This book will provide more understanding about the historical relationship between Christians and Muslims in the 16th Century. In addition to Hungarian and Latin texts, many of the documents used are translated from 16th Century Ottoman Turkish. Modern Turkish texts also contribute a significant amount of reference material for this work. Isabella Sforza Zapolya (1520 - 1559) was a remarkable woman, though almost unknown. The eldest child of King Sigismund Stary of Poland and Queen Bona Sforza, Isabella grew up in Wawel Castle in Krakow, Poland. She was given a humanist education and was fluent in Latin, Polish, Italian and Hungarian. Isabella was widowed after a year of marriage to John Zapolya I, King of Hungary, just fifteen days after the birth of his son, who became the King of Transylvania. After she was widowed, Sultan Suleyman promised Isabella that he would protect her and her son. During Isabella's life, he never broke that promise. Exchanges between two cultures and the crossing of boundaries around gender, class, religion, race and geography are constant in the lives of Isabella and Sultan Suleyman. The history that has most frequently been related by western historians regarding the Ottoman Empire has relegated them to the status of the other. This book is Turkish friendly without glossing over harsh truths about all of the players in a treacherous, bloody struggle for power.
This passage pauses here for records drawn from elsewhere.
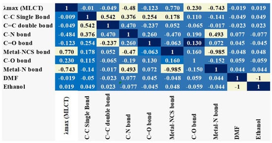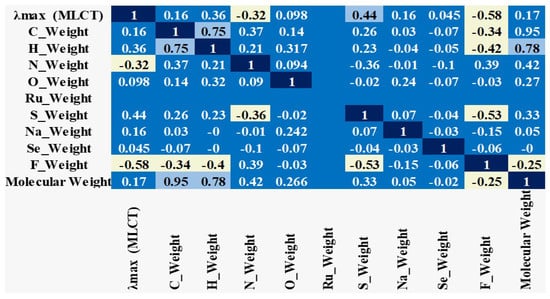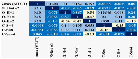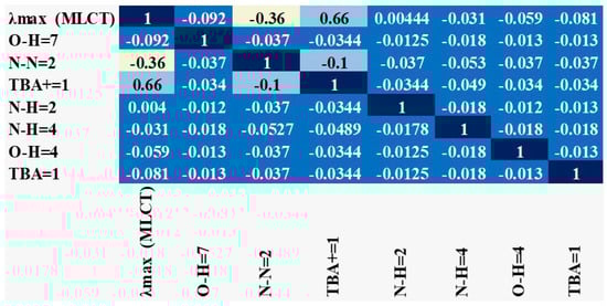 - Correlation matrix: This matrix shows the correlation between (i) λmax and all bonds in dye molecule (ii) λmax and other additional groups present in a dye structure (iii) λmax and atomic and molecular weight. The matrix represents the direct as well as inverse correlation. The value ‘0’ denotes no correlation, ‘1’ indicates complete and direct correlation. Whereas ‘−1’ shows that the given parameters have a complete and inverse correlation. The values increasing from 0 to 1 show an increasing degree of direct correlation. On the other hand, values approaching from 0 to −1 indicate the increasing degree of negative correlation between the parameters.
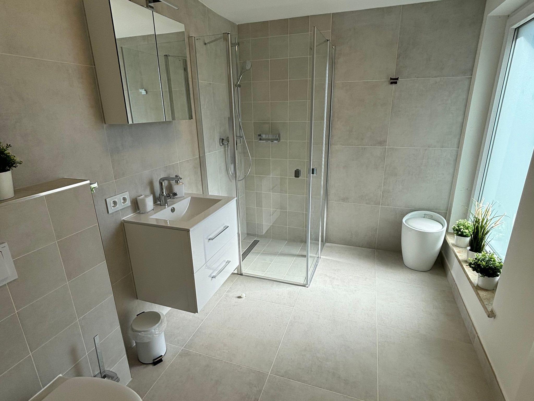 Geräumiges Badezimmer mit ebenerdiger Dusche und WC
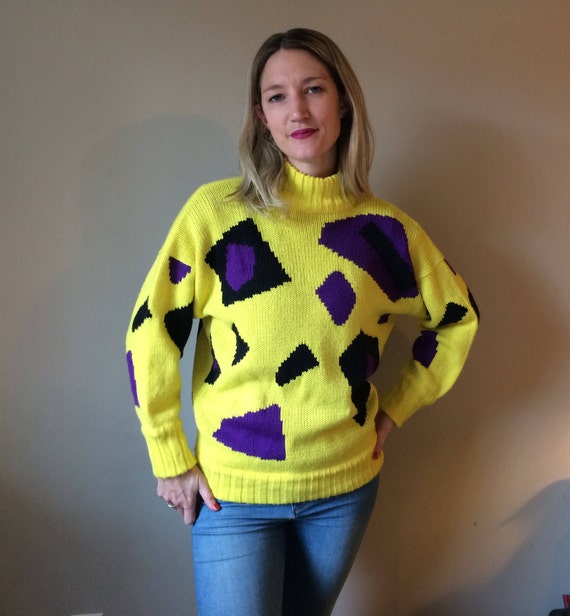 Yellow Dino Print Esprit Sweater 80's esprit sweater
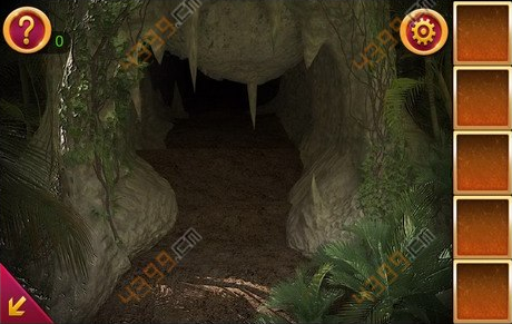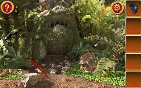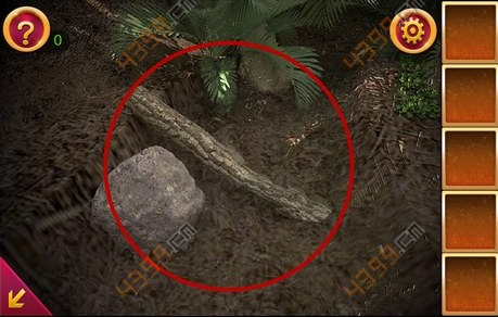 5.点击图中的大石头,利用木棍将其移开,把手电筒和电池组合在一起,照亮那个大洞,可以发现一个铜盘。

Alicia McNary Forsey taught at the Unitarian Universalist seminary in Berkeley as Professor of Church History for thirteen years. She remains a visiting scholar of the Graduate Theological Union in Berkeley. A life-long Unitarian Universalist, Reverend Forsey has always had a passion for religious studies. She is also on the adjunct faculty of the Humanist Institute, and co-teacher of Class 16 (a three-year certificate program) for the Humanist Institute.
Her new book, Queen Isabella Sforza Szapolyai of Transylvania and Sultan Suleyman of the Ottoman Empire: A Case of Sixteenth-Century Muslim-Christian Collaboration, is about the life of Isabella Sforza Szapolyai, Queen of Transylvania and mother of the only Unitarian king in history. The book uncovers the relationship between Islam and Christianity in Transylvania during the Sixteenth Century using documents archived at the Prime Minister's Ottoman Archives in Istanbul, Turkey.
Rev. Forsey has a B.A., M.Div., and Ph.D. in religious studies, with the Ph.D. concentrating on the intellectual history of Unitarianism.